Alexander Younger, the President and CEO of Design Lab, came by to give us excellent advice regarding the job search process. He talked about the importance of company culture, and the difference between the waterfall and agile working process. Design Lab is an agency in downtown Toronto that has a strong corporate culture and has won many marketing & communications awards. All of their computers are powered by the sun, and they even have a useful green mini site and energy calculator that can help you cut down on energy consumption and costs. Overall, Alexander’s presentation made me more optimistic about job searching.
CULTURE AND PROCESS
One of the first things Alexander talked about was the importance of a company’s culture; however, culture can be a double-edged sword. Using the metaphor of rowing, Alexander said that culture is when people of all different personalities come together to work towards a goal. They must all have the same vision, and must cooperate with each other in order to reach their goal, lest their boat goes the wrong way, or stays stagnant in the water. Work culture is the same way, and gives direction to the entreprise. It’s what happens when the CEO leaves the room. Culture is about passion, collaboration, trust, and doing what you love. Strong cultures encourage constructive conflicts. Before Alexander’s presentation, I had never considered looking into a company’s culture, but now I will make it a priority.
WATERFALL VS. AGILE
A lot of the guest speakers have talked about the waterfall versus agile working process, and all of them seem to come to the same conclusion: not one process works best. It’s good to combine both in different stages of the work in order to complete the project.
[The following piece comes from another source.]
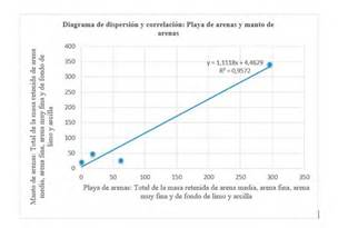Puesto que el material selecto estaba constituido por fragmentos de materia vegetal sobre el manto de arenas, y conchas sobre la playa de arenas, de los resultados de la tabla 2 , se eligieron las arenas del mesolitoral como variable independiente para evidenciar la correlación granulo-métrica entre éstas y el origen de los depósitos eólicos que componen el ambiente sedimentario; y como variable dependiente, se utiliza el total de la masa retenida de arena media, arena fina, arena muy fina y de fondo, la de limo y arcilla por geofacie (Figuras 6y7).

Alexander gave us a run-through of the cycles of work for both waterfall and agile processes.
Design Lab uses the waterfall process up until the construction stage; then they switch to agile. Agile allows people to work more collaboratively, but it is impossible to predict, and it’s a difficult way to win over clients (who prefer having solid deadlines and budgets).
THE COVER LETTER, RESUME & PORTFOLIO
I’m always curious to know how employers go through reading cover letters, resumes and portfolios. Alexander said that strong cover letters are not general; they’re tailored to the company you want to work for. You must say what you can offer in an honest and direct way. For your resume, it’s good to include what you like to do outside of the office to show that you’re human. Don’t over stress what you do; and only show what you really want to do.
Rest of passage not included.